- 2 teaspoons extra-virgin olive oil, divided
- 2 teaspoons butter, divided
- 1 small shallot, chopped
- 1 stalk celery, chopped
- 1/2 teaspoon dried rubbed sage
- 1/2 teaspoon dried thyme
- 2 3- to 4-ounce skinless turkey breast cutlets
- 1 day-old low-fat corn muffin, (5-6 ounces), crumbled, or 4 slices stale whole-wheat bread, crusts removed, torn into bite-size pieces
- 2 tablespoon reduced-sodium chicken broth
- 1/4 teaspoon salt
- 1/4 teaspoon freshly ground pepper
- 1/4 cup dry vermouth, or dry white wine
Preheat oven to 375 degrees F.
Heat 1 teaspoon oil and 1 teaspoon butter in a medium nonstick skillet over medium heat. Add shallot and celery; cook, stirring occasionally, until softened, 2 minutes. Transfer the mixture to a medium bowl, stir in sage and thyme; let cool for 5 minutes.
Meanwhile, place cutlets between sheets of plastic wrap and pound with the smooth side of a meat mallet or a heavy skillet until 8 to 10 inches wide and less than 1/4 inch thick. Be careful not to tear the meat. Remove the top sheet.
Add muffin crumbles (or bread) to the celery mixture. Stir in 2 tablespoons broth, salt and pepper. Place half the stuffing mixture in the middle of one of the pounded cutlets; compress the stuffing into a log. Fold and roll the meat over the stuffing. Tie in three places with kitchen string. Repeat with the remaining stuffing and the second cutlet.
Heat the remaining 1 teaspoon oil and 1 teaspoon butter in a medium ovenproof skillet over medium heat.

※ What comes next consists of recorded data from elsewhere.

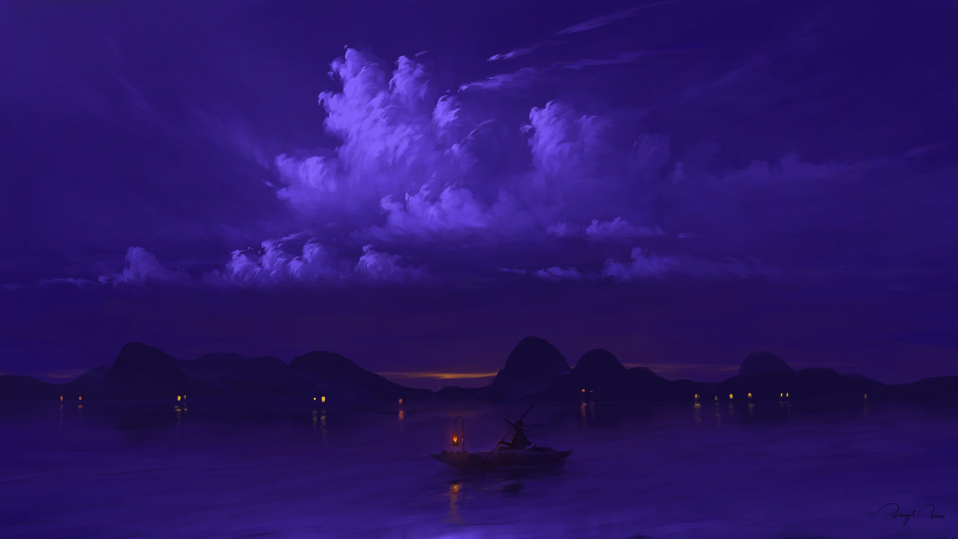 A Stunning Digital Art, Night, Sky, Water, Boat Full HD Desktop and Mobile Wallpaper Background (1920x1080)
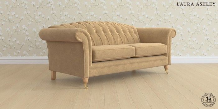 6.12.1 Buy Gloucester Button Back by Laura Ashley 3 Seater Sofa Lundar Chenille Caramel Natural Low Brass Castor - Light Oak from the Laura Ashley online shop Click here to use our website with more accessibility support, for example screen readers
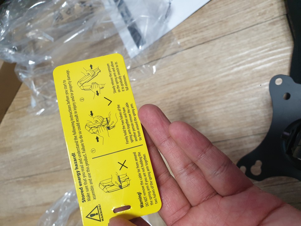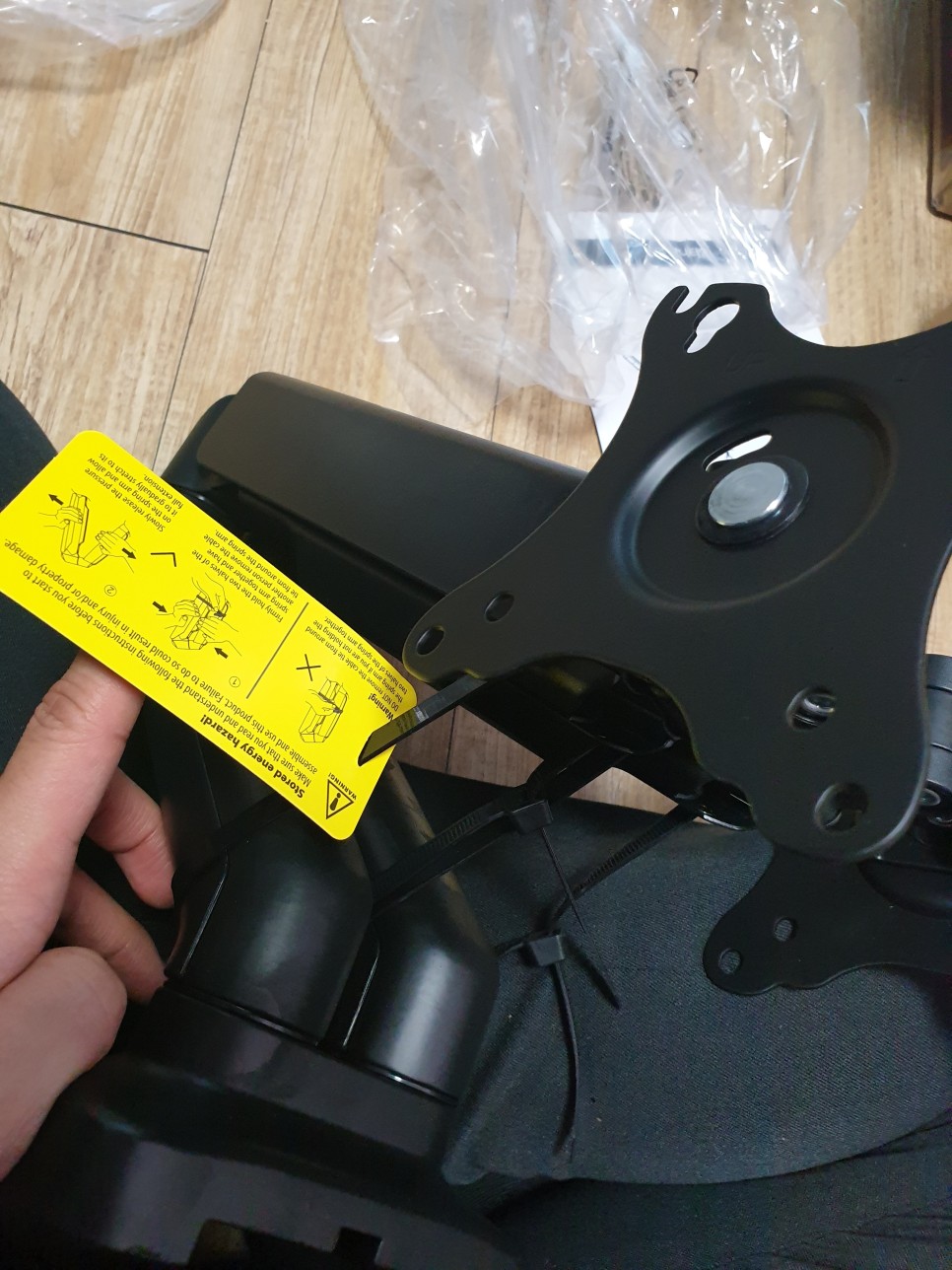 카멜 CA-1D 모니터암 패키징에 케이블 타이로 압축이 되어포장이 되어있는데, 타이에 '노란색' 라벨로 주의사항이 표시되어있습니다.
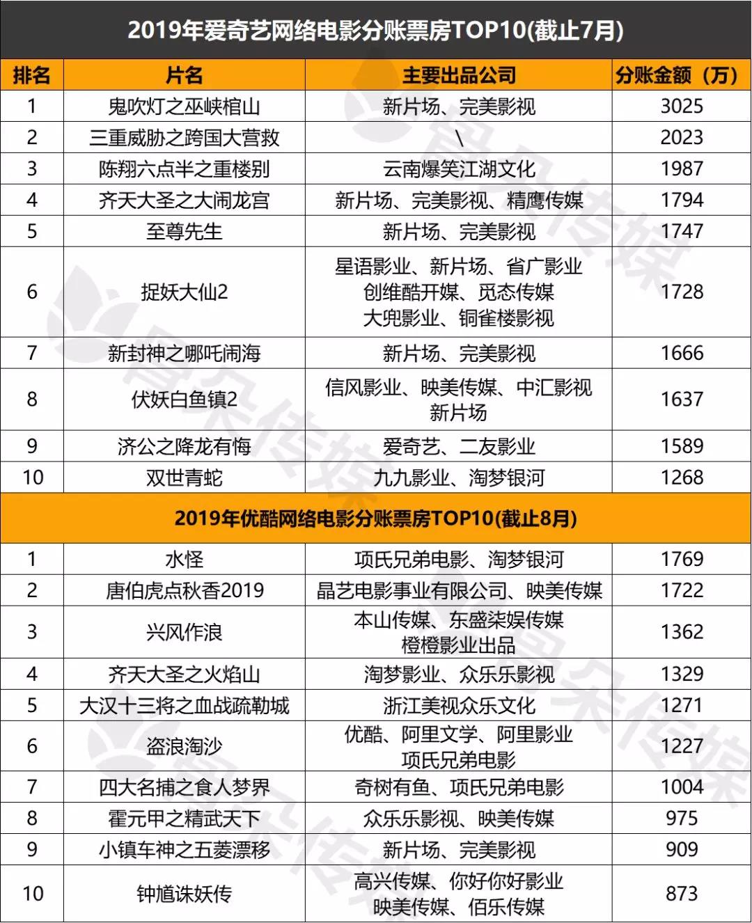 头部网络电影制作公司的2019年中成绩如何?
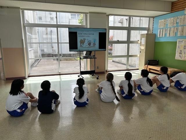 2、3、5年生の内科検診を行いました。検診の注意事項やクイズを見ながら、静かに順番を待っています。
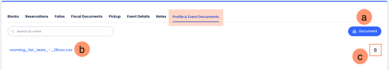 - Add documents: Use the Document button to upload files related to the event or the associated profile, such as contracts, agreements, BEOs, rate sheets, or supporting documentation.
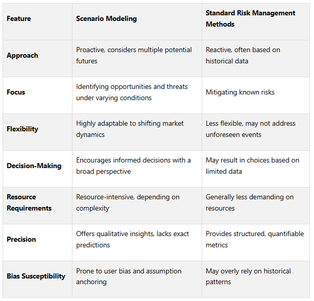 Comparing scenario modeling to traditional risk management methods reveals the trade-offs that influence portfolio strategies. Each approach has unique strengths and weaknesses, shaping how they impact investment decisions.
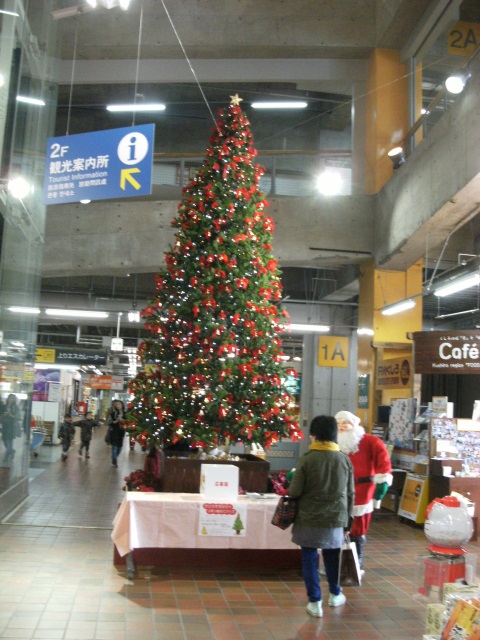 1階・中央エレベーター前の吹き抜けに設置された巨大なクリスマスツリーには
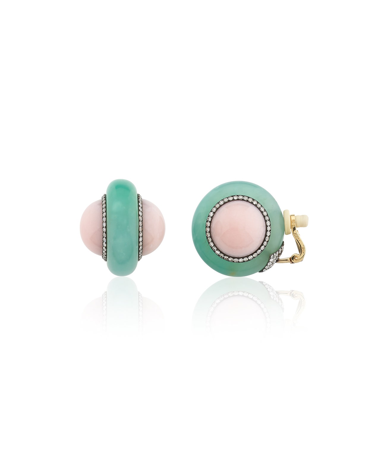 Pair of chalcedony, pink opal and diamond ear clips
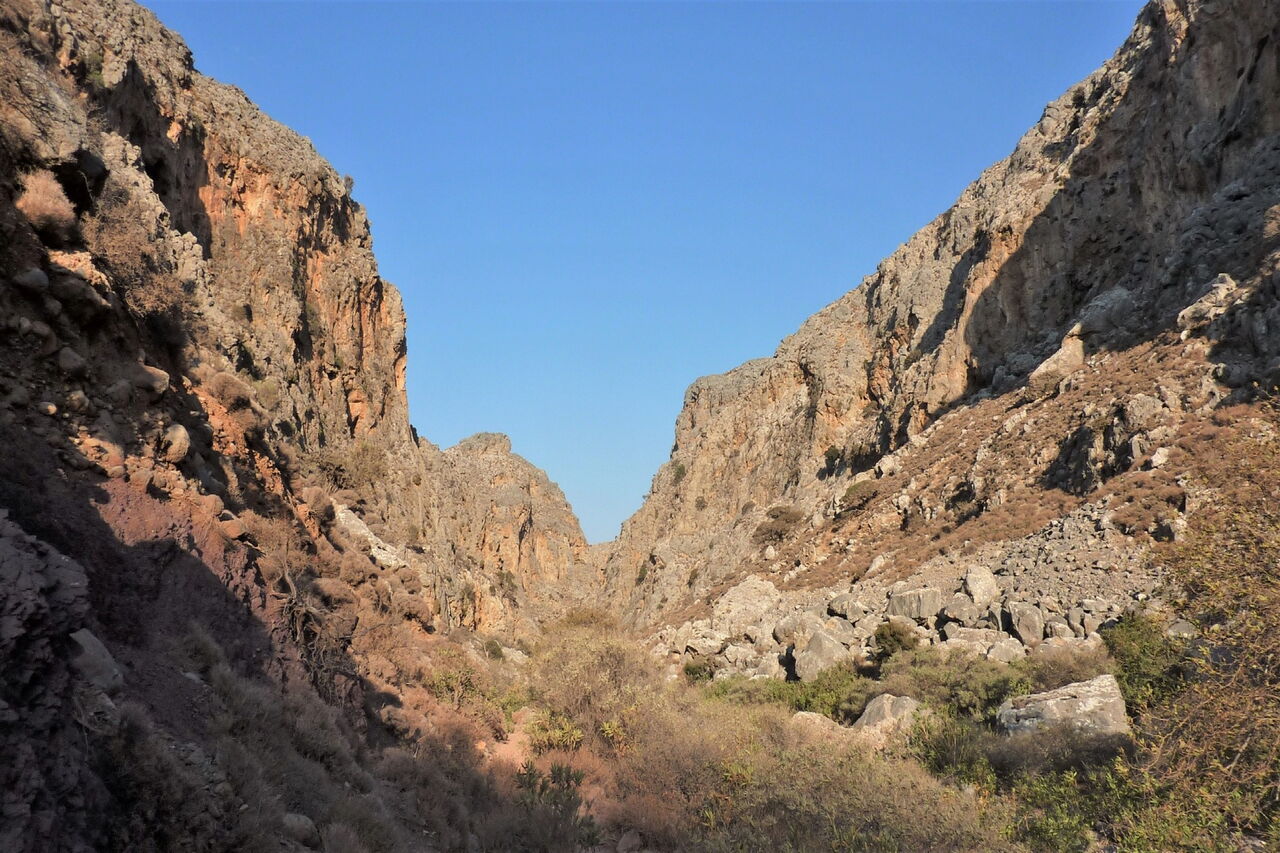 Es geht nun auf einem gut auszumachenden Trampelpfad durch den Canyon bis zu einer weiteren E4-Markierung. Hier verlassen wir die Schlucht aber noch nicht und gehen noch weitere 650 m. Wir treffen auf eine Wasserleitung, an der wir einen kleinen Wasserfall umlaufen. Kurz danach verlassen wir die Hauptschlucht durch eine kleinere 05 Schlucht nach links (104 m). Der Pfad endet und wir gehen links auf einer Schotterpiste bergauf, bis auch diese endet – an diesem Wegpunkt gehen wir halb rechts. Auf der folgenden Asphaltstraße gehen wir bis zum Dorfzentrum von Zakros.

When the butter melts, add the turkey rolls and brown on all sides, turning occasionally, about 4 minutes.
Transfer the skillet to the oven and bake until the turkey is cooked through, about 20 minutes. Transfer the rolls to a serving plate; tent with foil to keep warm.
Return the skillet to medium-high heat (take care, the handle will still be hot); add vermouth (or wine). Cook until dark and almost completely evaporated, scraping up any browned bits, about 2 minutes. Add the remaining 1/4 cup broth; cook for 1 minute, just to reduce slightly. Remove the string from the turkey; cut into 1/2-inch-thick slices, if desired, and spoon half the sauce over each portion. Serve warm.